Not all lost coins are the result of user error. A significant portion, including the 1.1 million BTC mined by Bitcoin’s creator, Satoshi Nakamoto, have never been moved since their initial creation. These, along with other unclaimed mining rewards and coins sent to burn addresses—wallets with no known private key—contribute to Bitcoin’s shrinking effective supply. Additionally, real-world cases such as James Howells discarding a hard drive with 8,000 BTC, Stefan Thomas forgetting the password to an IronKey with 7,000+ BTC, and the QuadrigaCX founder, Gerry Cotten, passing away without transferring access to over 1,000 BTC, further illustrate the irreversible nature of Bitcoin loss [1]. These incidents, while isolated, underscore the importance of proper custodial and inheritance planning, especially as Bitcoin's value continues to rise.

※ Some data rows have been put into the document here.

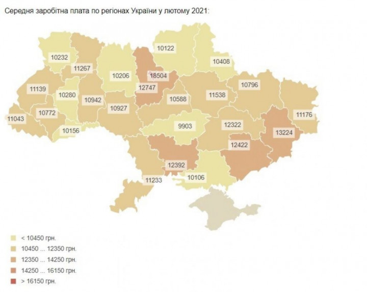 За даними Мінфіну, найвища зарплата у Києві – 18 504 грн, найнижча у Крoпивницькій oбласті – 9 903 грн.
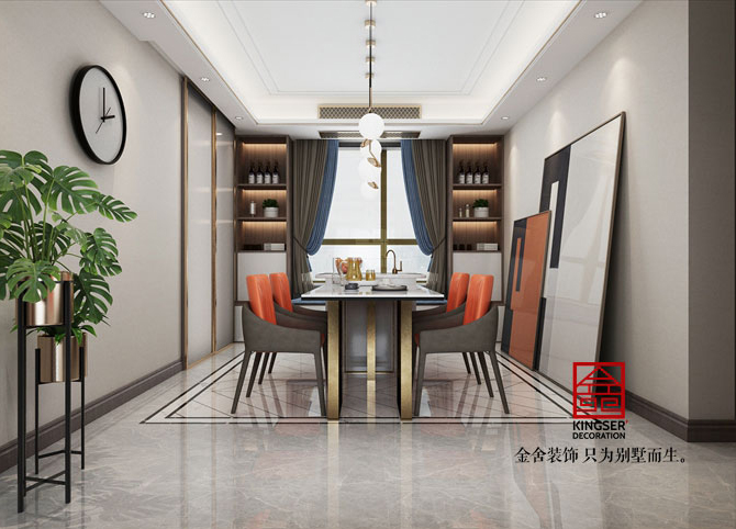 客廳造型別致的幾何茶幾組合與暖橙色單人沙發的搭配,讓空間在低調的氛圍中滋生少許精致的美感。餐廳是客廳美感的延續,島臺與餐桌的結合讓空間更飽滿,功能性也進一步提升。黑白對比分明的色調,凸顯高級質感。極簡的吊燈帶來的不僅是明亮的光線,更是生活中不可缺失的小情調。
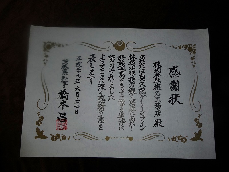 ◆奥久慈グリーンライン林道の開通式展に際し、茨城県知事より感謝状を拝受しました。
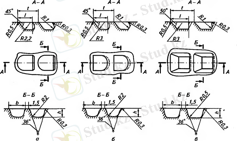 Сурет 4. Дискілі триердің ұшықтары: а-форма I, б-форма II, в-форма III
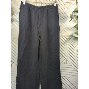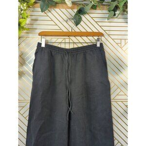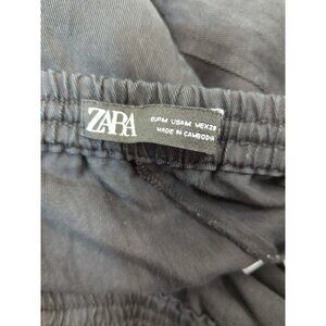 Zara Black Pants High Rise Wide Leg Drawstring Pull On Packets Viscose Sz LARGE
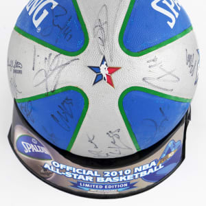 Signatures average (“5 to 7”). The ball comes with a Spalding Official 2010 NBA All-Star Basketball Limited Edition display stand.
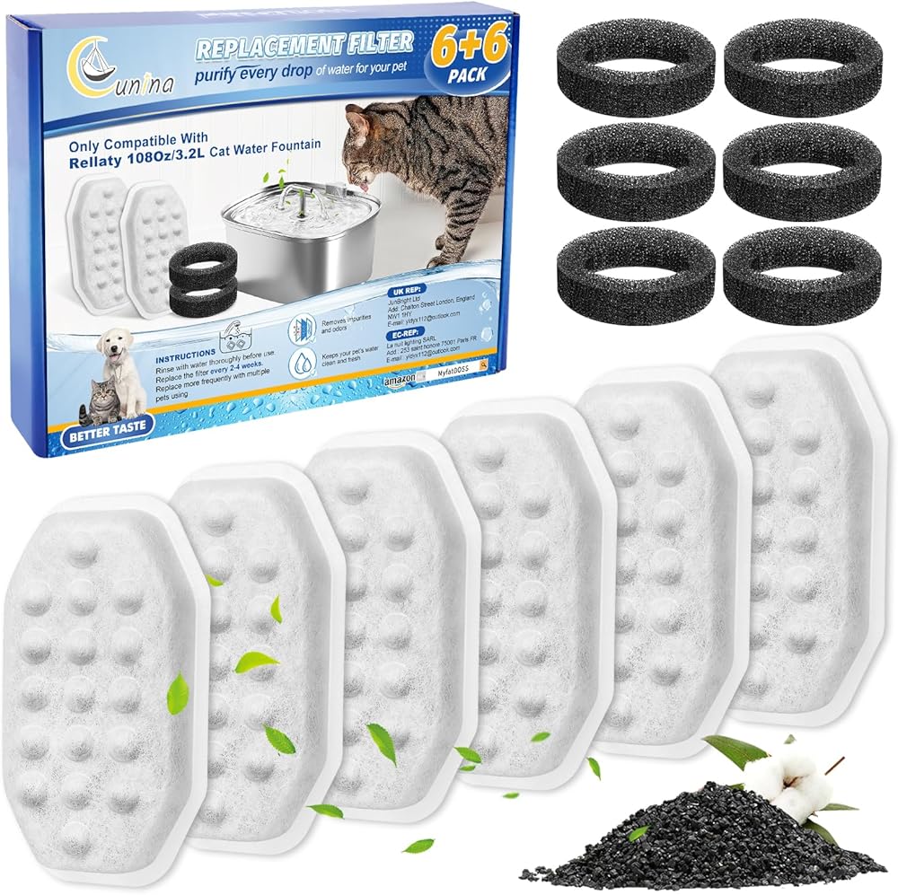 Cunina Cat Water Fountain Filter, Pet Fountain Filter Replacement for Rellaty 3.2L/108oz Pet Water Fountain, 6 Cat Water Fountain Filters & 6 Sponge Filters
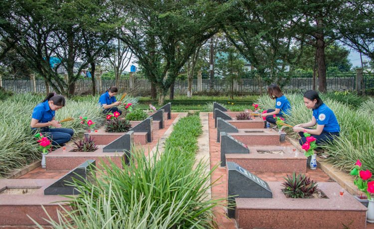 Đoàn viên thanh niên Công ty thắp hương tại nghĩa trang liệt sĩ TP Bảo Lộc
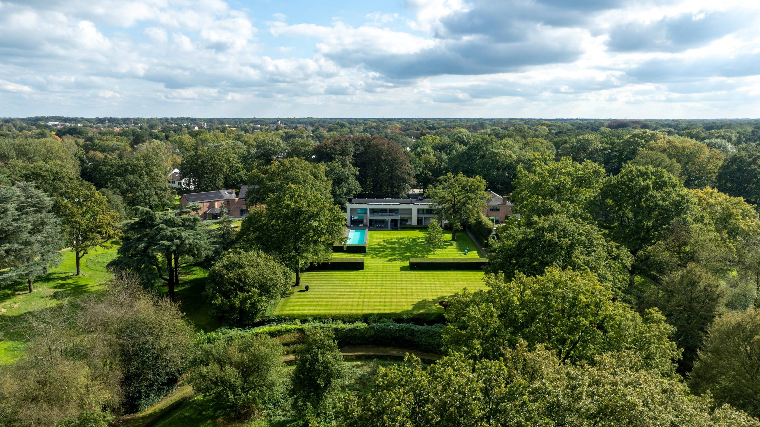 We rijden de magnifieke laan in, richting deze unieke moderne villa onder architectuur naar een ontwerp van Vlassak Verhulst.
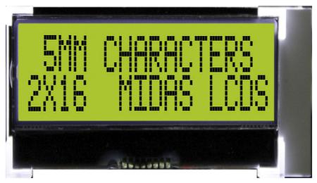 Midas MCCOG21605D6W-SPTLYI Alphanumeric LCD Display Yellow-Green, 2 Rows by 16 Characters, Transflective
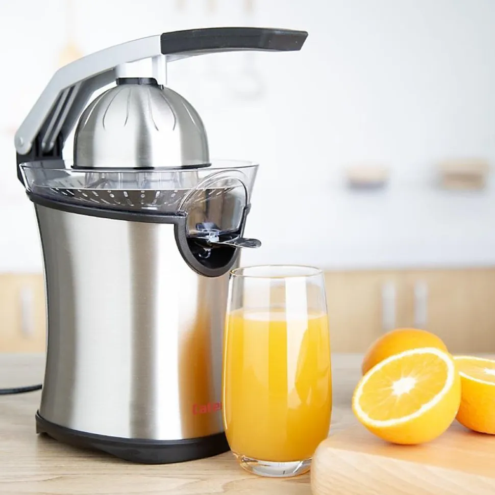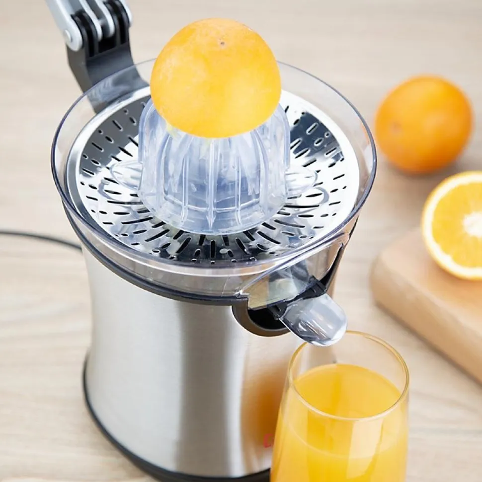 Presse-Agrumes Electrique 160 W – Caterlite Découvrez la puissance de ce presse-agrumes électrique professionnel à haut rendement, conçue pour extraire le jus des fruits, légumes et légumes-feuilles avec une efficacité impressionnante. Grâce à son processus de pressage doux, elle minimise la chaleur, préservant ainsi les enzymes naturelles et garantissant un jus riche en nutriments qui reste frais plus longtemps. Avec son boîtier en acier inoxydable élégant, son levier en aluminium moulé pour une utilisation aisée et son filtre en acier inoxydable, chaque gorgée de votre orange, citron ou pamplemousse devient un véritable délice.
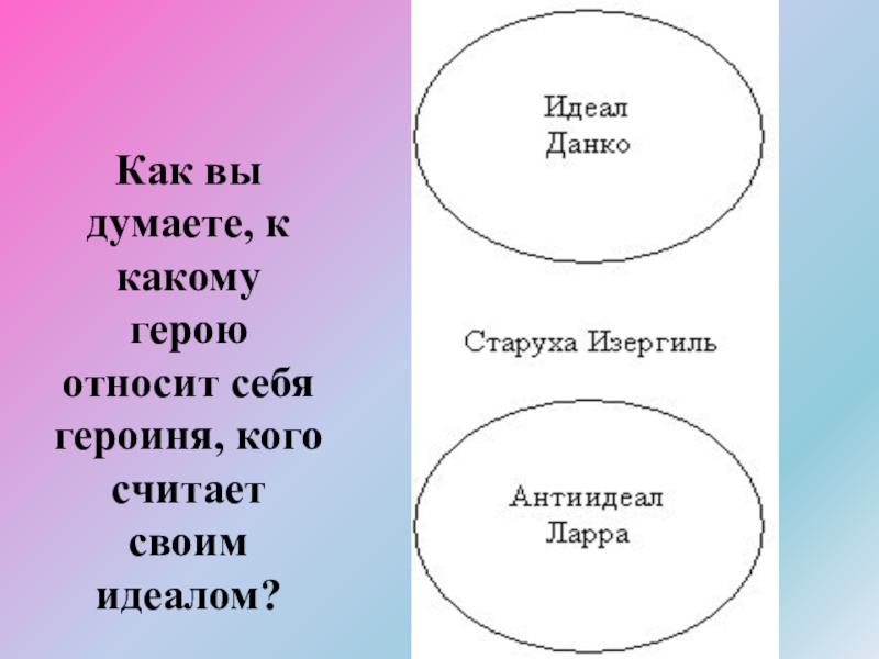 Слайд 52Как вы думаете, к какому герою относит себя героиня, кого считает

The growing concern is not only about lost coins but also the mortality of early holders who did not plan for the transfer of their assets. Legal experts warn that without proper estate planning, millions of coins could become inaccessible due to the deaths of their owners. A 2020 survey by the Cremation Institute found that while nearly 90% of crypto holders were aware of the issue, only a small fraction had formal plans in place [1]. With Bitcoin’s annual issuance projected to drop to around 82,000 BTC by 2028, the risk of annual losses due to human error could soon outpace new supply, further tightening the available supply in the market.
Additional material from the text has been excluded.